Thursday, 28 November 2013
Friday, 22 November 2013
As we are registering for Charitable Status, we have to submit references. We are lucky that our referees are The John Thaw Foundation and the Connections team at the National Theatre. We also though we would ask a parent for her comments on our work with her children. Her testimonial brought a tear to our eyes and her son's director commented that getting up every Saturday instead of a lie in, really is worth it. We are very proud that our work impacts on her family this way.
To whom it may concern
My 16 year old son, Cameron, was born with tremendous physical and medical difficulties and at first they did not know whether he would survive , or if he did, whether he would ever walk or talk. It took a long while but he eventually did both. He attends a Special School but has always enjoyed being on stage, either singing, dancing, acting or presenting all the way through school. As Cameron’s sisters were members of the Little Actors drama group in Wanstead, London, he asked if he could join when they started the Youth Theatre. He has not looked back since.
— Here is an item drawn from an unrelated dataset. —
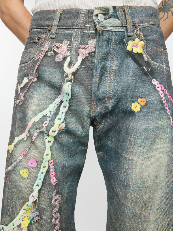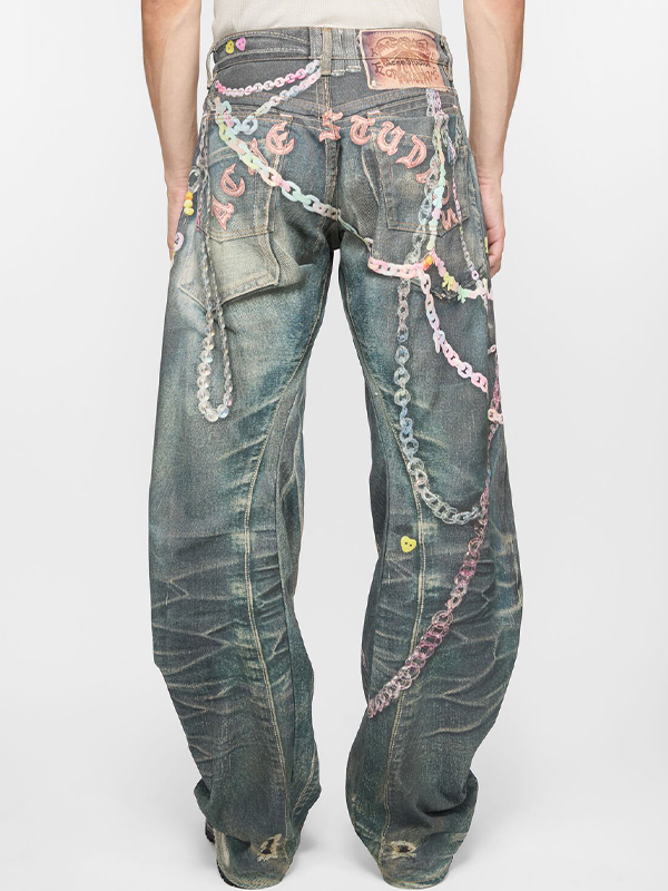 Vaqueros holgados con estampado de cadena para hombre

Through Little Actors he has found an intense love of Shakespeare and was given the lead role in ‘Macbeth’ Act 1 Scene 4 and that of Puck for a part scene in a ‘Midsummer Night’s Dream’. He had acted, sang and danced his way fantastically through ‘Oliver the Musical’ as Fagin two Christmases before but absolutely amazed everyone with his brilliant delivery and well observed performance in Macbeth and ‘A Midsummer Night’s Dream’. This is what Cameron wanted to say about Little Actors himself:
“I love Little Actors because when I do a performance the audience always congratulate me because Little Actors always give me a lead role in all the plays that I have done with them in the past 3 years. It’s always given me confidence.”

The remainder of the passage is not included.